One problem of the adsorption process is related to the adsorbent. Generally, activated carbon is the main choice; nonetheless, the high cost is a major drawback (Weng et al. 2009). One way to reduce the costs is the use of waste materials, especially from agro-industrial sources, due their low cost and high availability (Ali 2012; Weber et al. 2014; Wang et al. 2016; Silva et al. 2016). Rice husk fit well in the concept of low-cost adsorbents, due its high annual generation and presence of organic compounds (Soltani et al. 2015). However, its low surface area and non-functionalized/accessible sites prejudice its efficiency (Thakur 2014). With the objective of improving the adsorbent performance, alternative surface modifications can be implemented, increasing the surface area and providing new accessible sites.

For this purpose, some modifications were performed on the rice husk surface, including acid or alkaline treatments. The treatment with NaOH, for example, can attack the cellulose chains, generating new accessible sites (Soltani et al. 2015). Other modifications such as ultrasound assisted (UA) and supercritical CO₂ (SCO₂) have been used as viable methods for surface modification of organic materials. It was concluded that these technologies can provide new adsorption sites and an additional porosity (Dotto et al. 2015b).

In this work, rice husk was modified with NaOH, UA and SCO₂ treatments, in order to improve its adsorption potential regarding the methylene blue (MB) dye. All adsorbents (raw and treated rice husks) were characterized by Fourier transform infrared spectroscopy (FT-IR), X-ray diffraction (XRD), scanning electron microscopy (SEM) and energy dispersive X-ray spectroscopy (EDS). For all materials, experimental equilibrium curves were constructed at different temperatures (from 298 to 328 K). Langmuir and Hill models were used to interpret the equilibrium curves. Also, thermodynamic parameters, such as standard Gibbs free energy change (ΔG⁰), standard enthalpy change (ΔH⁰) and standard entropy change (ΔS⁰) were estimated.
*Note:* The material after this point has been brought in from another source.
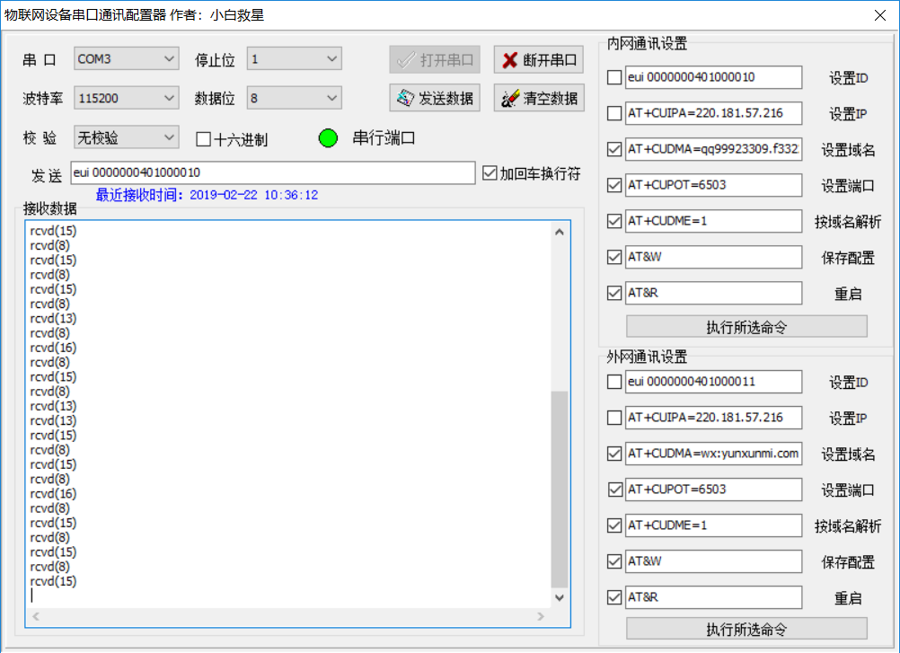 物联网硬件设备(COM)串口通讯配置器,适合串口开发串口调试,包括COM端口设备自动识别,自动接收输出硬件设备数据,可下发参数指令到硬件设备中,部分指令可自动保存,方便调试等日常工作。

Raw rice husk was obtained from a local processing industry (Santa Maria RS, Brazil). First, rice husk was washed several times with distilled water, for cleaning and removing any undesirable particles. After, it was dried at 313 K for 24 h and stored for further use. Rice husk was used without milling, with particle size of 5 mm.

Sodium hydroxide treatment: a sodium hydroxide solution (700 mL and 2.5 mol L⁻¹) was poured into a beaker with 20 g of raw rice husk. The suspension was agitated for 2 h and the rice husk was removed. The NaOH treated rice husk was washed with distilled water until neutral pH was achieved, and oven dried for 24 h at 313 K. This adsorbent was named NaOH-rice husk.

UA treatment: for the UA treatment, 20 g of raw rice husk were mixed with 700 L of distilled water. Then the mixture was treated by an ultrasonic processor (UP400S, Hielscher, Germany) of 400 W equipped with a titanium sonotrode for 2 h. The treatment was performed with cycle of 1 and amplitude of 90% at 313 K. The ultrasound treated rice husk (UA-rice husk) was dried at 313 K for 24 h and stored for further experiments.

SCO₂ treatment: initially, 20 g of rice husk were put in a sealed jacketed stainless steel 304 reactor at 313 K (the temperature was controlled by a thermostat bath). The CO₂ (White Martins, 99.5%) was pumped and pressurized by a high pressure syringe pump (500D, Teledyne Isco, USA). When CO₂ reached 20 MPa, it was fed into the reactor; then rice husk was exposed to the treatment for 2 h. Finally the reactor was depressurized and the supercritical treated rice husk (SCO₂-rice husk) was collected and stored.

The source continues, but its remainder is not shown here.